While I’m on the subject, I should note that, as always, even unobjectionable ideas can easily be taken to absurd, facepalming lengths:
What if we transformed the meaning of occupy yet again? Specifically, what if we thought of Occupy Language as more than the language of the Occupy movement, and began to think about it as a movement in and of itself? What kinds of issues would Occupy Language address? What would taking language back from its self-appointed “masters” look like? We might start by looking at these questions from the perspective of race and discrimination, and answer with how to foster fairness and equality in that realm.

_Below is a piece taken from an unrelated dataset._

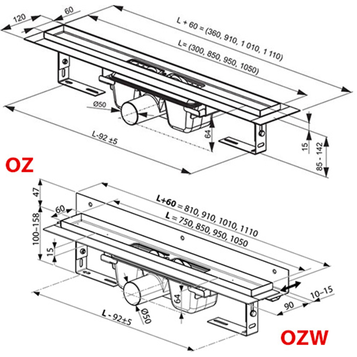 Ravak 750mm Runway Shower Wetroom Floor Waste Gully
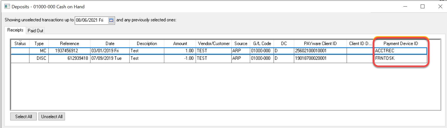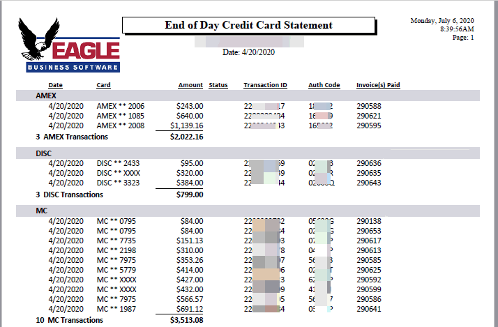 Select the transactions that are listed on the payment card settlement report generated by the merchant service provider. Note the Payment Device ID to separate transactions by payment processing device.

Occupy Language might draw inspiration from both the way that the Occupy movement has reshaped definitions of “occupy,” which teaches us that we give words meaning and that discourses are not immutable, and from the way indigenous movements have contested its use, which teaches us to be ever-mindful about how language both empowers and oppresses, unifies and isolates.
For starters, Occupy Language might first look inward. In a recent interview, Julian Padilla of the People of Color Working Group pushed the Occupy movement to examine its linguistic choices:
To occupy means to hold space, and I think a group of anti-capitalists holding space on Wall Street is powerful, but I do wish the NYC movement would change its name to “‘decolonise Wall Street”’ to take into account history, indigenous critiques, people of colour and imperialism… Occupying space is not inherently bad, it’s all about who and how and why. When white colonizers occupy land, they don’t just sleep there over night, they steal and destroy. When indigenous people occupied Alcatraz Island it was (an act of) protest.
This linguistic change can remind Americans that a majority of the 99 percent has benefited from the occupation of native territories.